Kelima , struktur dan rumusan pasal-pasal proteksi dalam RUU PPILN cenderung menyembunyikan subyek penanggung jawab. Banyak hak TKI diakui , tetapi tidak terang siapa berkewajiban memenuhinya. Ada atrik tetapi tidak terang siapa penanggung jawabnya. Misalnya , dalam hal perekrutan calon TKI , RUU PPILN hanya menyebutkan bahwa pemerintah kawasan bertanggung jawab atas registrasi dan pendataan TKI yang lolos dalam perekrutan dan seleksi. Lalu , siapa yang bertanggung jawab dalam perekrutan calon TKI?
Alergi DPR
RUU PPILN mengakomodasi kepentingan banyak pihak. Akibatnya , hal-hal fundamental yang menjadi prasyarat terwujudnya proteksi efektif bagi TKI dan keluarganya justru diabaikan. Beberapa hal fundamental tersebut di antaranya perekrutan , pendidikan , sistem pengawasan , regulasi terhadap perusahaan jasa tenaga kerja Indonesia (PJTKI) , penanganan kasus , dan kiprah serta masyarakat.

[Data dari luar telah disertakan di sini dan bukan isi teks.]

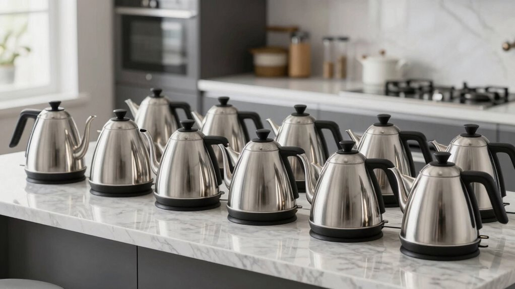 Most stainless steel electric gooseneck kettles under $250 include safety features like automatic shut-off when boiling is complete, boil-dry protection to prevent damage if the kettle is empty, and cool-touch exteriors to avoid burns. Many also have secure locking lids and non-slip bases for stability. These features give me peace of mind, ensuring safe use while I focus on enjoying a perfectly brewed cup.

Dalam hal perekrutan , RUU PPILN tidak tegas mengatur siapa penanggungjawabnya. Bila perekrutan tetap diserahkan kepada forum bisnis , sulit dibutuhkan bahwa RUU PPILN bakal mengubah keadaan. Perekrutan ilegal dan perdagangan orang bakal terus terjadi. Apalagi tidak ada perbaikan dalam hal regulasi PJTKI menyangkut kewarganegaraan pemiliknya , kapasitas dan integritas pengelolanya , dan transparansi pengawasannya.
Dalam RUU PPILN , pendidikan belum ditempatkan sebagai komponen penting dalam proteksi TKI. Pasal perihal pendidikan diselipkan di antara pasal-pasal yang lain. Pendidikan juga masih diserahkan kepada forum bisnis dan lokasi pelaksanaannya masih jauh dari domisili TKI di pelosok desa. Dapat dipastikan , biaya pendidikan bakal tetap tinggi dan hak TKI untuk mendapat pendidikan berkualitas tetap tidak dijamin.
Salah satu kelemahan sistem proteksi TKI selama ini tidak adanya pengawasan efektif terhadap proteksi TKI , yang melibatkan masyarakat. Ironisnya , dalam penyusunan RUU PPILN dewan perwakilan rakyat justru alergi terhadap kiprah serta masyarakat.
DPR menggusur habis kiprah serta masyarakat yang sangat minim diakui dalam UU No 39/ 2004. Tidak ada prosedur komplain bagi masyarakat yang dilanggar haknya , tidak ada prosedur penanganan kasus dan santunan aturan bagi TKI korban pelanggaran HAM , dan tak diakui hak masyarakat untuk mengajukan somasi terhadap pihak-pihak yang merugikan TKI.
Akhir kata , ironis bahwa dewan perwakilan rakyat yang dipilih oleh rakyat justru alergi terhadap kiprah serta rakyat. Ini menandakan ada ”Sastrotomo” di badan dewan perwakilan rakyat yang siap mempertaruhkan jutaan nyawa TKI. Bisa dipahami jikalau pembahasan RUU PPILN bakal sangat alot. Sebab , ”Sastrotomo” di badan dewan perwakilan rakyat , partai , PJTKI , dan pemerintah tidak bakal rela kepentingannya diganggu.
Sri Palupi , Ketua Institute for Ecosoc Rights
0 Response to "Kumpulan Opini Kompas: Ada “Sasrotomo” Di Dpr?"